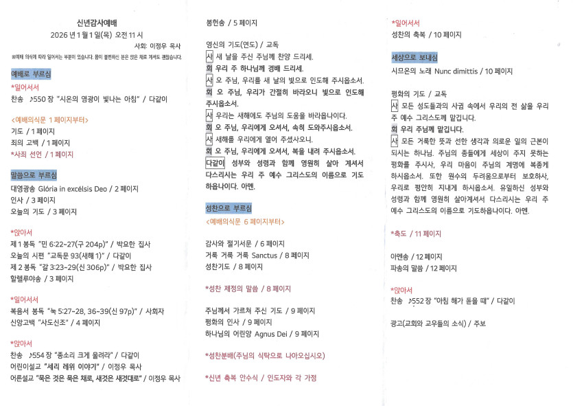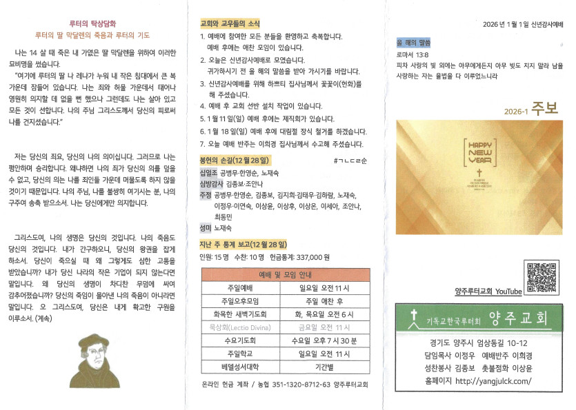2026년 1월 1일 주보 작성자 정보 담임목사 작성 작성일 2026.01.07 23:32 컨텐츠 정보 201 조회 목록 본문 신년감사예배 SNS 공유 관련자료 이전 2026년 1월 4일 주보 작성일 2026.01.07 23:32 다음 2025년 12월 28일 주보 작성일 2025.12.29 00:21 댓글 0 등록된 댓글이 없습니다. 로그인한 회원만 댓글 등록이 가능합니다. 목록
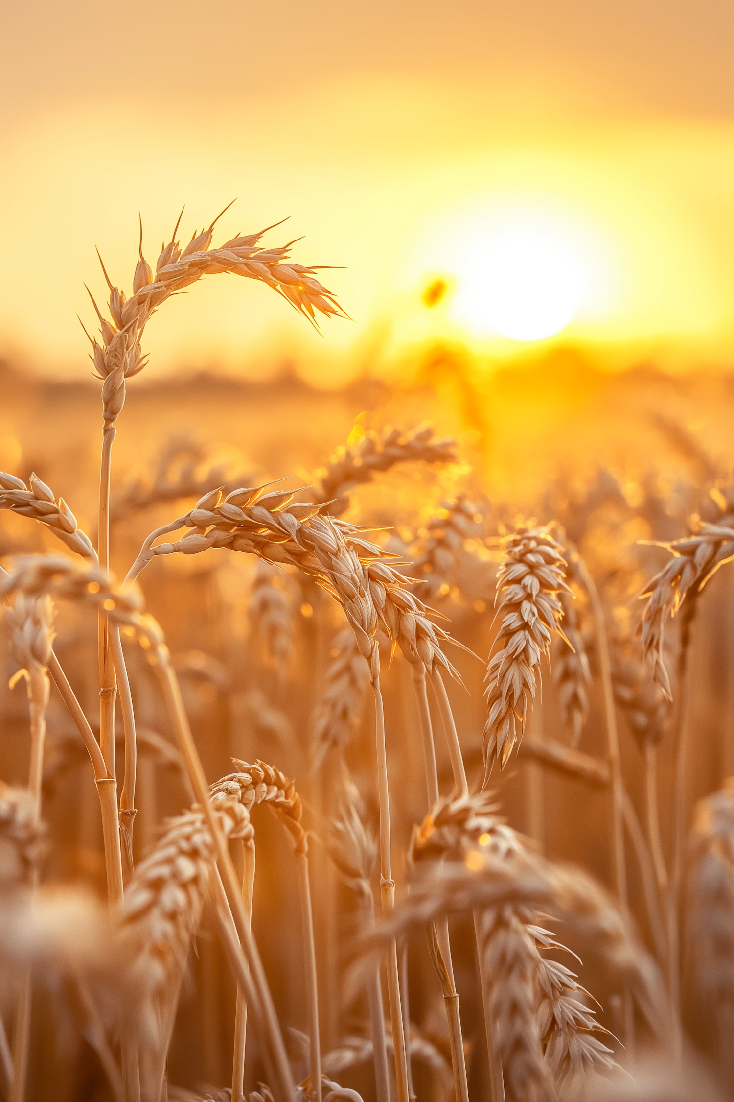 Golden wheat field at sunset, with sunlit stalks swaying gently, creating a serene and tranquil harvest scene.
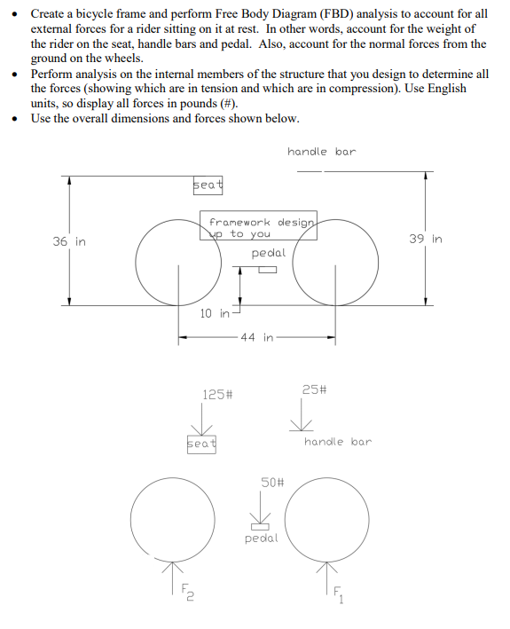 - Create a bicycle frame and perform Free Body Diagram (FBD) analysis to account for all external forces for a rider sitting on it at rest. In other words, account for the weight of the rider on the seat, handle bars and pedal. Also, account for the normal forces from the ground on the wheels. - Perform analysis on the internal members of the structure that you design to determine all the forces (showing which are in tension and which are in compression). Use English units, so display all forces in pounds (\#). - Use the overall dimensions and forces shown below. handle bar
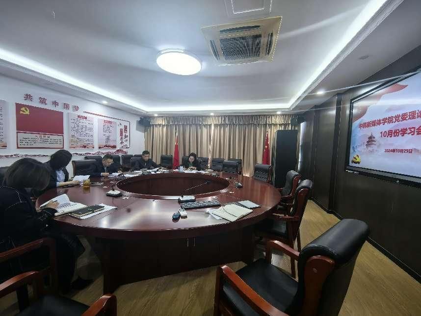 新闻网讯(通讯员 毛承东)根据中韩新媒体学院党委理论学习中心组学习计划,10月29日上午,中心组成员在文济楼411召开学习会,对习近平新时代中国特色社会主义思想和习近平总书记的重要讲话精神进行集中学习,学习会由党委书记于方主持。
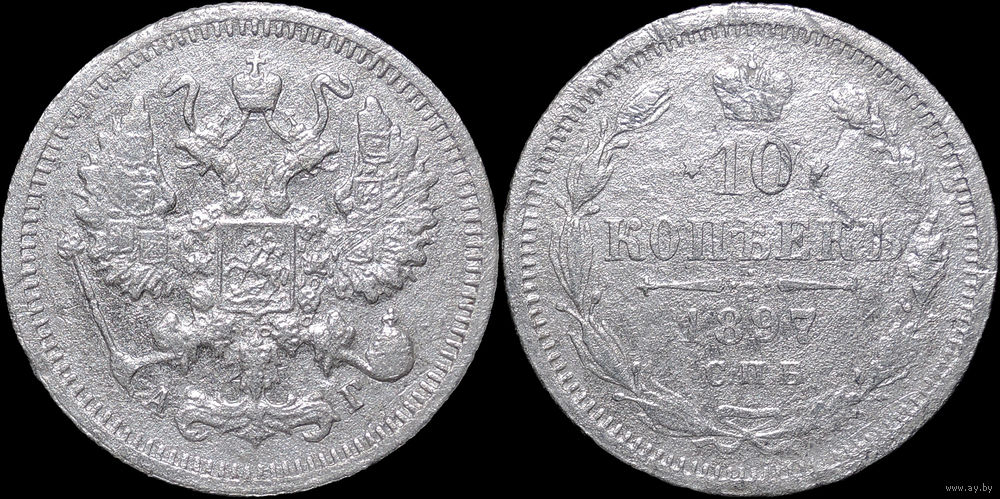 10 копеек 1897, Редкая! С 1 Рубля! Смотрите другие лоты!
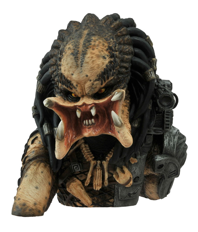 DST goes deeper into the jungle with this vinyl bust bank of an unmasked Predator! With his mandibles out and his shoulder cannon at the ready, this hunter is protective of his prize, and his prize is your loose change! Insert coins through a slot in the back and remove them through an access door in the base. With a detailed, collectible-quality sculpt by Eli Livingston, you’ll take one look at this bank and you’ll say, “You are one ugly money-saver!” Packaged in a clear polybag. (Item #APR152309, SRP: $22.99)
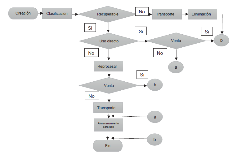 Con el fin de identificar mejor los residuos sólidos en un proyecto de construcción se ha elaborado la figura 1 que muestra un flujograma de las diferentes etapas por las que debe pasar los residuos. Esta va desde su creación en los proyectos, pasando por la clasificación para determinar que residuos pueden ser procesables o recuperables, como el fierro de construcción, los agregados etc. y cuáles deben ser enviados a los rellenos sanitarios oficiales. También hay una serie de materiales que son sobrantes de la obra (se generan por un mal diseño, malas especificaciones técnicas o mal metrado) que pueden ser reusados en otros proyectos o vendidos con el fin de recuperar algo de la inversión.

### AIM OF THE EXERCISE:
Repeat the entries exactly and keep the pictures out of the copy.

### ANSWER SPACE:
2026년 1월 1일 주보 작성자 정보 담임목사 작성 작성일 2026.01.07 23:32 컨텐츠 정보 201 조회 목록 본문 신년감사예배 SNS 공유 관련자료 이전 2026년 1월 4일 주보 작성일 2026.01.07 23:32 다음 2025년 12월 28일 주보 작성일 2025.12.29 00:21 댓글 0 등록된 댓글이 없습니다. 로그인한 회원만 댓글 등록이 가능합니다. 목록
 Golden wheat field at sunset, with sunlit stalks swaying gently, creating a serene and tranquil harvest scene.
 - Create a bicycle frame and perform Free Body Diagram (FBD) analysis to account for all external forces for a rider sitting on it at rest. In other words, account for the weight of the rider on the seat, handle bars and pedal. Also, account for the normal forces from the ground on the wheels. - Perform analysis on the internal members of the structure that you design to determine all the forces (showing which are in tension and which are in compression). Use English units, so display all forces in pounds (\#). - Use the overall dimensions and forces shown below. handle bar
 新闻网讯(通讯员 毛承东)根据中韩新媒体学院党委理论学习中心组学习计划,10月29日上午,中心组成员在文济楼411召开学习会,对习近平新时代中国特色社会主义思想和习近平总书记的重要讲话精神进行集中学习,学习会由党委书记于方主持。
 10 копеек 1897, Редкая! С 1 Рубля! Смотрите другие лоты!
 DST goes deeper into the jungle with this vinyl bust bank of an unmasked Predator! With his mandibles out and his shoulder cannon at the ready, this hunter is protective of his prize, and his prize is your loose change! Insert coins through a slot in the back and remove them through an access door in the base. With a detailed, collectible-quality sculpt by Eli Livingston, you’ll take one look at this bank and you’ll say, “You are one ugly money-saver!” Packaged in a clear polybag. (Item #APR152309, SRP: $22.99)
 Con el fin de identificar mejor los residuos sólidos en un proyecto de construcción se ha elaborado la figura 1 que muestra un flujograma de las diferentes etapas por las que debe pasar los residuos. Esta va desde su creación en los proyectos, pasando por la clasificación para determinar que residuos pueden ser procesables o recuperables, como el fierro de construcción, los agregados etc. y cuáles deben ser enviados a los rellenos sanitarios oficiales. También hay una serie de materiales que son sobrantes de la obra (se generan por un mal diseño, malas especificaciones técnicas o mal metrado) que pueden ser reusados en otros proyectos o vendidos con el fin de recuperar algo de la inversión.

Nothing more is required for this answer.